Software is hard - volida
http://gamearchitect.net/Articles/SoftwareIsHard.html
======
idlewords
I worked at the Mellon Foundation for a while, and one of my jobs was to visit
Chandler and find out what they were doing with our money (my boss had
foolishly funneled them a lot of funding for a version 2, "Westwood", suitable
for university use). It was a complete vanity project - Kapor had brought in
his art collection, the offices were spacious and lovely, every developer had
state of the art workstations with an acre of screen space - but the software
never worked. Pointing this out just created tension and bitterness. The
project floated along on Kapor's reputation and ate his money, and had no
opportunity to make contact with reality. I think of it more as a cautionary
lesson about lack of outside constraints than software complexity. It was a
Spruce Goose, except nowhere near as pretty.

------
hxa7241
Software is rather good actually. Only a small percent of any of it is faulty.
It could be improved but it is largely not considered worth it.

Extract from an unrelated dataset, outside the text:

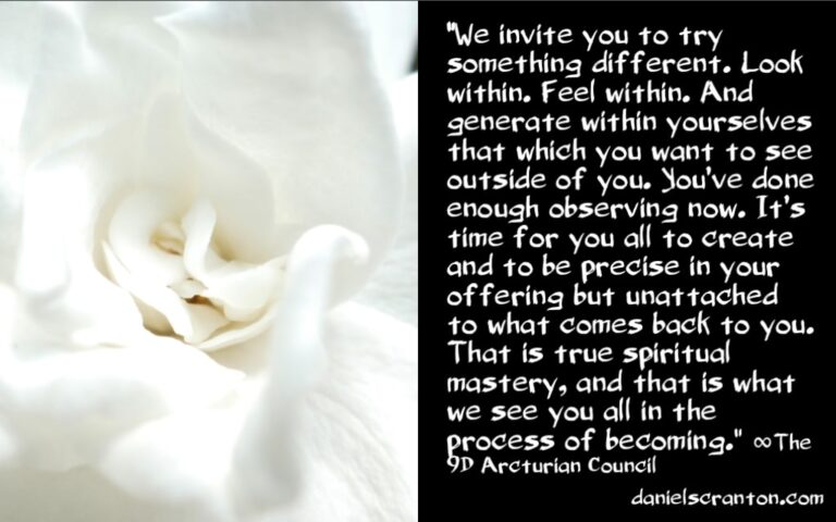 And so, all we can say to you is that we invite you to try something different. Look within. Feel within. And generate within yourselves that which you want to see outside of you. You’ve done enough observing now. It’s time for you all to create and to be precise in your offering but unattached to what comes back to you. That is true spiritual mastery, and that is what we see you all in the process of becoming.

Civil engineering is not as perfect as often supposed. There are plenty of
defects from barely noticeable to catastrophic. The software world simply
knows nothing about other engineering. There is an easy way to see: just check
the references in software engineering books and papers and count how many
point to other such disciplines: practically none.

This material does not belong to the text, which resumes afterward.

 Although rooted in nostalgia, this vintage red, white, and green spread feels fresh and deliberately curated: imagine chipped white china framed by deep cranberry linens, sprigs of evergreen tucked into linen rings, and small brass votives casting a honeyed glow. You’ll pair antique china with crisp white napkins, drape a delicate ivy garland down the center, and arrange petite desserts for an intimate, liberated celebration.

Neither is civil engineering as predictable (or controllable) as supposed. The
majority of time, cost, and risk is borne by construction, so this overshadows
the part most equivalent to software -- the engineering design proper. But
this stilll has the same inherent difficulties as any design work.

Saying software makes other engineering look trivial shows a lack of
knowledge. If you learn a little of civil engineering you will find it is just
as complex as software.

Software is not all entirely new: look at all the reused components,
libraries, etc. That is substantial, perhaps even the majority proportion in
some sense.

There is probably more complexity of interrelations of parts in software,
since physical designs are constrained to a more 'regular' physical substrate.
But I don't think it is too bad, because the design activity is intrinsically
isolating to a large degree.

Software has almost none of the physical constraints in other engineering, and
it is so changeable at any stage. It really has distinct good fortune and
advantages. And it is everywhere, it runs the world. It is a great success.
Yet it is seen as failing. We don't have a mature, perceptive, understanding
attitude to it.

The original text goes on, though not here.